━━━━━ PROVIDED RECORDS

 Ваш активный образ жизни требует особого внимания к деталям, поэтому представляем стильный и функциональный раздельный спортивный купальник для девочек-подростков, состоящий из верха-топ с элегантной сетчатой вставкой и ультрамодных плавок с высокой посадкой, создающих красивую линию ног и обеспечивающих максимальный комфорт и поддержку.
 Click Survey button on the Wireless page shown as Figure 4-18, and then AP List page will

━━━━━━━━━━
━━━━━ PROVIDED RECORDS

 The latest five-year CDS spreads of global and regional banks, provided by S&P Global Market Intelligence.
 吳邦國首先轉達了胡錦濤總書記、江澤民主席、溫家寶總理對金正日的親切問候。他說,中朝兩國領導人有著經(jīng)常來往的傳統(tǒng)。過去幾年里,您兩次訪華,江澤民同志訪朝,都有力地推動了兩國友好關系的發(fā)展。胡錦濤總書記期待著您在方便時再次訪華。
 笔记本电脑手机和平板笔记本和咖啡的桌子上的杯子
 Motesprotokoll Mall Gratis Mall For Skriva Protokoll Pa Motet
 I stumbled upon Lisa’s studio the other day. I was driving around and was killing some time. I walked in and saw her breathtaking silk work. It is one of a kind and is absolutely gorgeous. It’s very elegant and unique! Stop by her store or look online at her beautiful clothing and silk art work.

━━━━━━━━━━
━━━━━ PROVIDED RECORDS

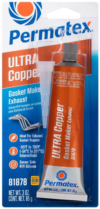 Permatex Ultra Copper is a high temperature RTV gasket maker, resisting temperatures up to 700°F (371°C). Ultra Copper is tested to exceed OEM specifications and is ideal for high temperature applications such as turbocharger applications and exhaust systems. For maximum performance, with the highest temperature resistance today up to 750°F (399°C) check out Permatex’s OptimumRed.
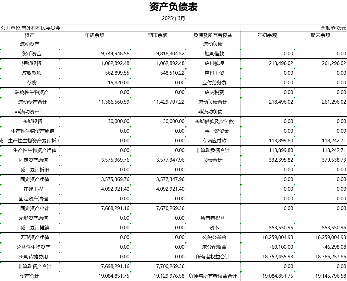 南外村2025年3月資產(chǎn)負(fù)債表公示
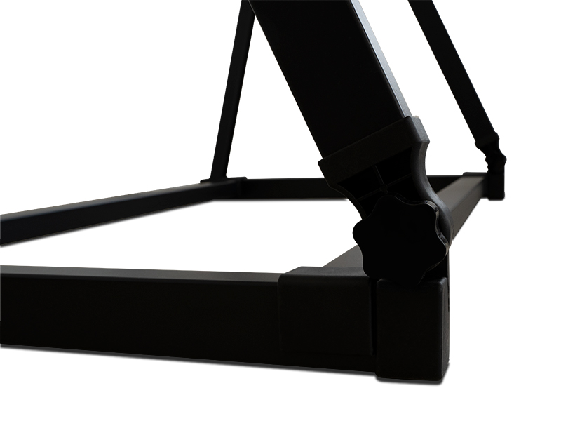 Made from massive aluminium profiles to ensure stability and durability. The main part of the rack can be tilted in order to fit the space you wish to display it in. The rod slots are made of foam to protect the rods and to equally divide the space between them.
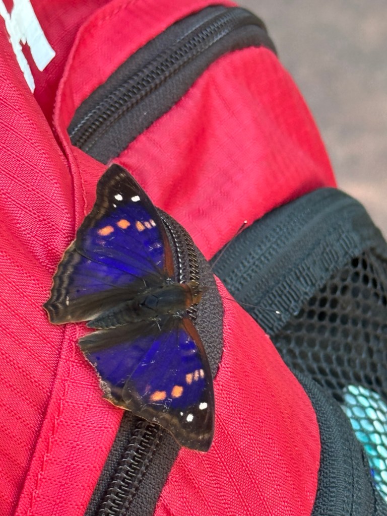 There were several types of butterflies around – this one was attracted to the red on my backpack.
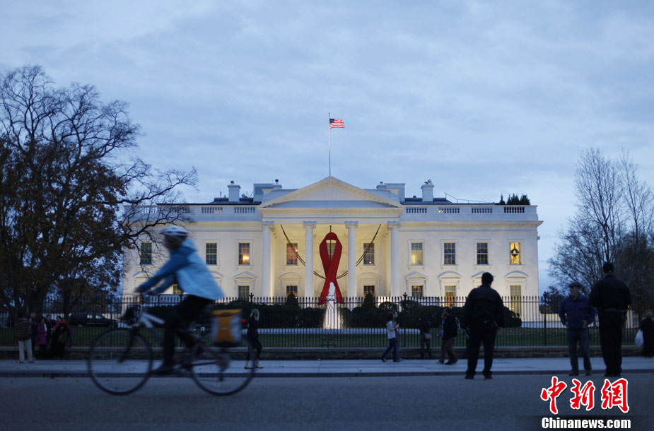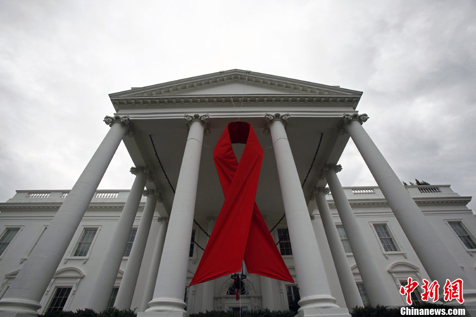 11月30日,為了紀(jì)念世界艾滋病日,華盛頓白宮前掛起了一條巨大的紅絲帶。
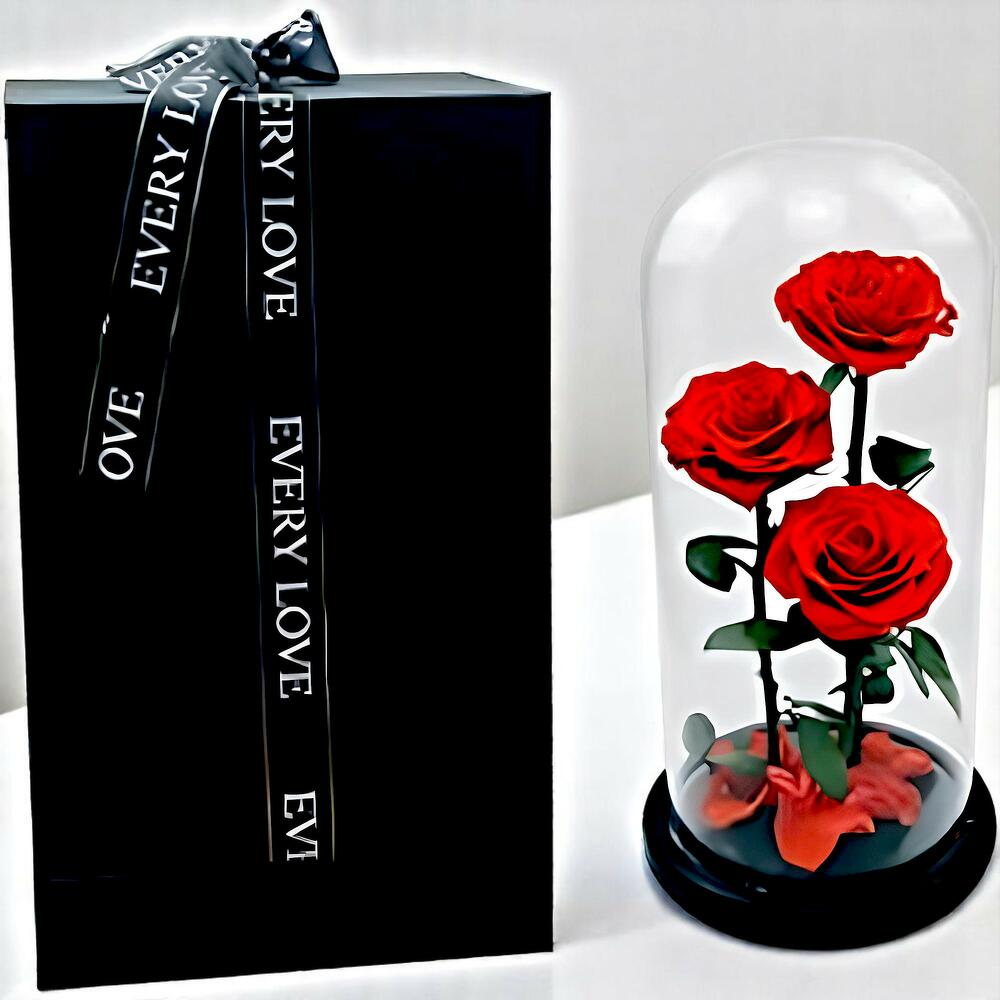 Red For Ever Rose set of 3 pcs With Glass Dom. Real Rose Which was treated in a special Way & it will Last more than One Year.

━━━━━━━━━━

**TASK STATEMENT**
Exactly the lines above from the one with "Ваш активный образ" to the one with "Click Survey button", both included, are to be quoted; leave the rest out.

**SOLUTION**
 Ваш активный образ жизни требует особого внимания к деталям, поэтому представляем стильный и функциональный раздельный спортивный купальник для девочек-подростков, состоящий из верха-топ с элегантной сетчатой вставкой и ультрамодных плавок с высокой посадкой, создающих красивую линию ног и обеспечивающих максимальный комфорт и поддержку.
 Click Survey button on the Wireless page shown as Figure 4-18, and then AP List page will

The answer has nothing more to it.